_WHAT TO DO_. Exact transcription, pictures omitted: begin at the top line of the records below and end with the line bearing "May sign written".

_PROVIDED INFORMATION_.
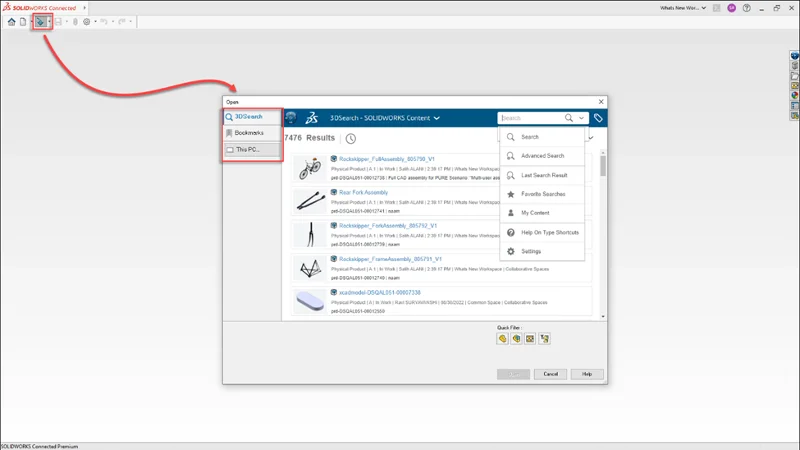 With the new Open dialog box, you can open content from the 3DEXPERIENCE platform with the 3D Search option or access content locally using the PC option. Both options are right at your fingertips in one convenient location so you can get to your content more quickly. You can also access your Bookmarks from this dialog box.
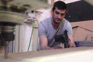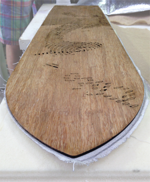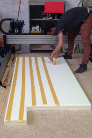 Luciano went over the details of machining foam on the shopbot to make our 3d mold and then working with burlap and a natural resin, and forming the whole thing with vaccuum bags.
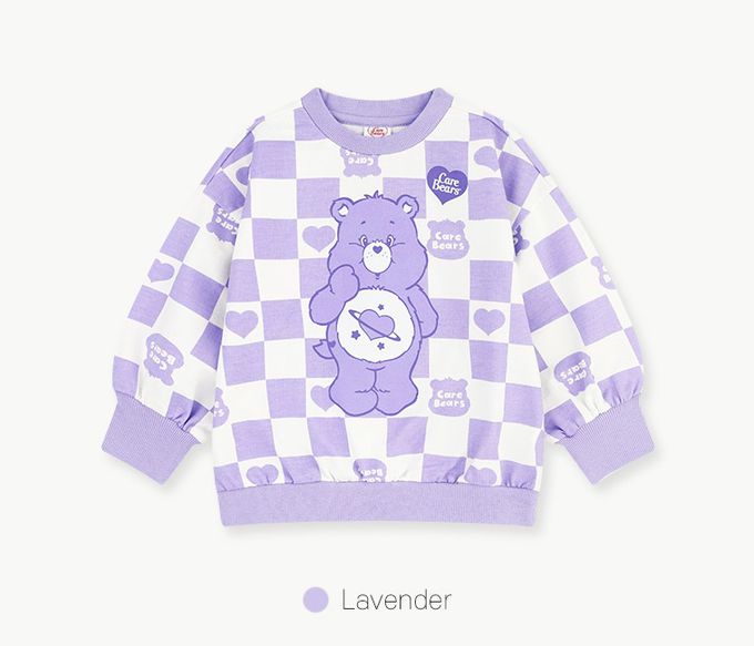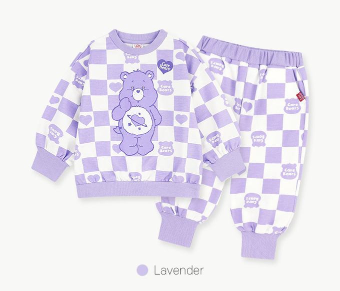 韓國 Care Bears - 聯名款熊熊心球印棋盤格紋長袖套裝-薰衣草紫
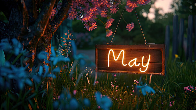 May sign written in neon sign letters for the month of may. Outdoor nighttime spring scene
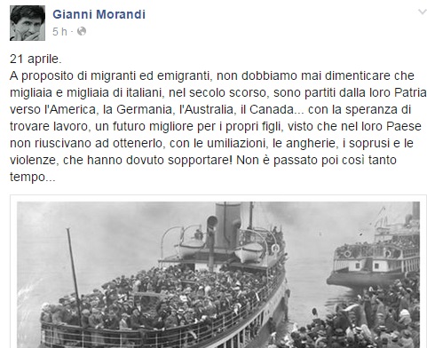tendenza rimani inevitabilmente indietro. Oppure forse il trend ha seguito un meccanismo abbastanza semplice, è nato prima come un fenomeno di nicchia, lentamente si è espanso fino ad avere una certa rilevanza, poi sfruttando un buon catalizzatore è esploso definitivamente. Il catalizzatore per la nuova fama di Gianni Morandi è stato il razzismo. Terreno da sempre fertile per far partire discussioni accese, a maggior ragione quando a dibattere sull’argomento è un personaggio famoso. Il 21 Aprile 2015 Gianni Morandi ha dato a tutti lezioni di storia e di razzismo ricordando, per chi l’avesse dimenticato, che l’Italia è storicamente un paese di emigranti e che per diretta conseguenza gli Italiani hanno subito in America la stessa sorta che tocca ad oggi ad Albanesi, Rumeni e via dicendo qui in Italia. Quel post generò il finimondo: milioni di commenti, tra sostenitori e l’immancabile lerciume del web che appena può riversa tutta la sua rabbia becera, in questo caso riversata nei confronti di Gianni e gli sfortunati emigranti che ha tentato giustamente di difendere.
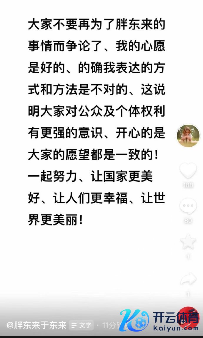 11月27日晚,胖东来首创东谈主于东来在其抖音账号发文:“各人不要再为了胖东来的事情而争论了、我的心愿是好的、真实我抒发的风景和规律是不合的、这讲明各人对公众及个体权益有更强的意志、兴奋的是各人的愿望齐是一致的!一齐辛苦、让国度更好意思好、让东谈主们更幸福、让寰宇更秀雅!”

_REPLY_.
 With the new Open dialog box, you can open content from the 3DEXPERIENCE platform with the 3D Search option or access content locally using the PC option. Both options are right at your fingertips in one convenient location so you can get to your content more quickly. You can also access your Bookmarks from this dialog box.
 Luciano went over the details of machining foam on the shopbot to make our 3d mold and then working with burlap and a natural resin, and forming the whole thing with vaccuum bags.
 韓國 Care Bears - 聯名款熊熊心球印棋盤格紋長袖套裝-薰衣草紫
 May sign written in neon sign letters for the month of may. Outdoor nighttime spring scene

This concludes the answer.